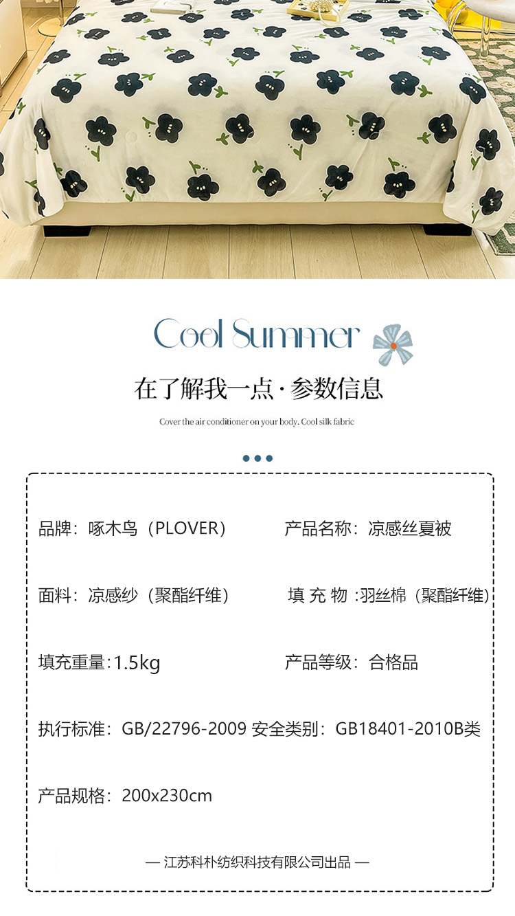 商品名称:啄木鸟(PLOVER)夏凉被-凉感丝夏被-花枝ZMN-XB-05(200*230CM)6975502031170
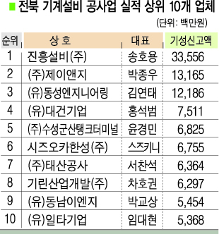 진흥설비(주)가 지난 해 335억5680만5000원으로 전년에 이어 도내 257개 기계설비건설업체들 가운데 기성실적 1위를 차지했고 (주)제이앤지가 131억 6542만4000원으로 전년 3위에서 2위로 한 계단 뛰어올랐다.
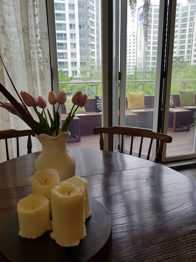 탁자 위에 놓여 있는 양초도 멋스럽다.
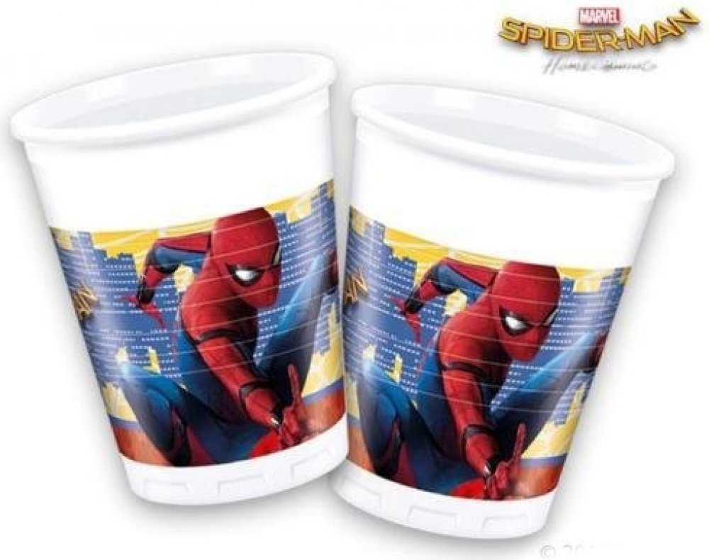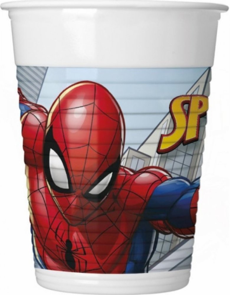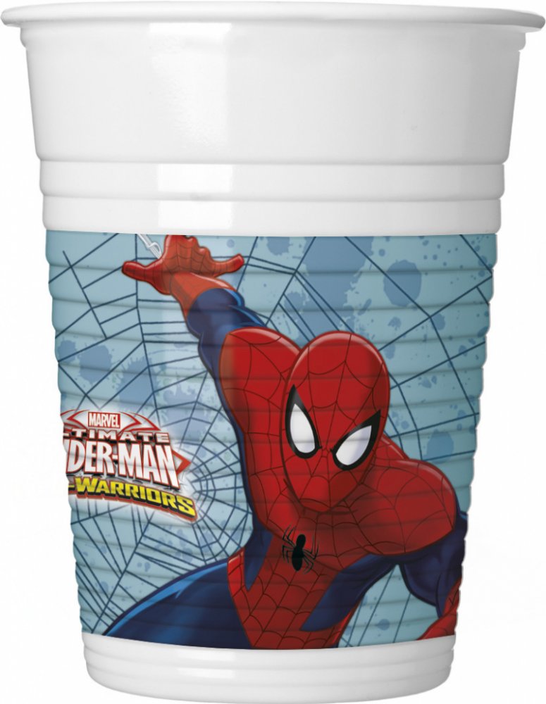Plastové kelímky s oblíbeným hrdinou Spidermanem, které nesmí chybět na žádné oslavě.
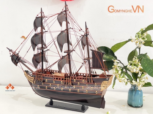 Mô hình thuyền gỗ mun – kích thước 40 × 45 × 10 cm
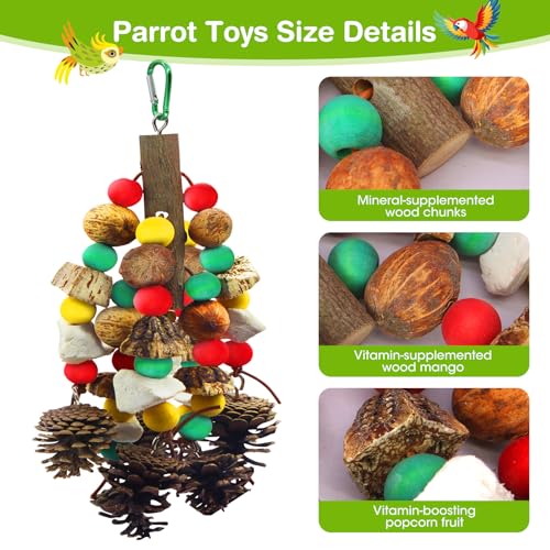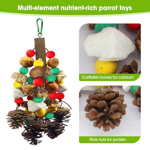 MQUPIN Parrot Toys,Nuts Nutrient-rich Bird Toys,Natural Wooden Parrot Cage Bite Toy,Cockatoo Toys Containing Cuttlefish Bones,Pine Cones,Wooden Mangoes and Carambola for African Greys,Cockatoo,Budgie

__Exercise details__. Restate all of the data word for word and include no pictures.

__Solved problem__.
 商品名称:啄木鸟(PLOVER)夏凉被-凉感丝夏被-花枝ZMN-XB-05(200*230CM)6975502031170
 진흥설비(주)가 지난 해 335억5680만5000원으로 전년에 이어 도내 257개 기계설비건설업체들 가운데 기성실적 1위를 차지했고 (주)제이앤지가 131억 6542만4000원으로 전년 3위에서 2위로 한 계단 뛰어올랐다.
 탁자 위에 놓여 있는 양초도 멋스럽다.
Plastové kelímky s oblíbeným hrdinou Spidermanem, které nesmí chybět na žádné oslavě.
 Mô hình thuyền gỗ mun – kích thước 40 × 45 × 10 cm
 MQUPIN Parrot Toys,Nuts Nutrient-rich Bird Toys,Natural Wooden Parrot Cage Bite Toy,Cockatoo Toys Containing Cuttlefish Bones,Pine Cones,Wooden Mangoes and Carambola for African Greys,Cockatoo,Budgie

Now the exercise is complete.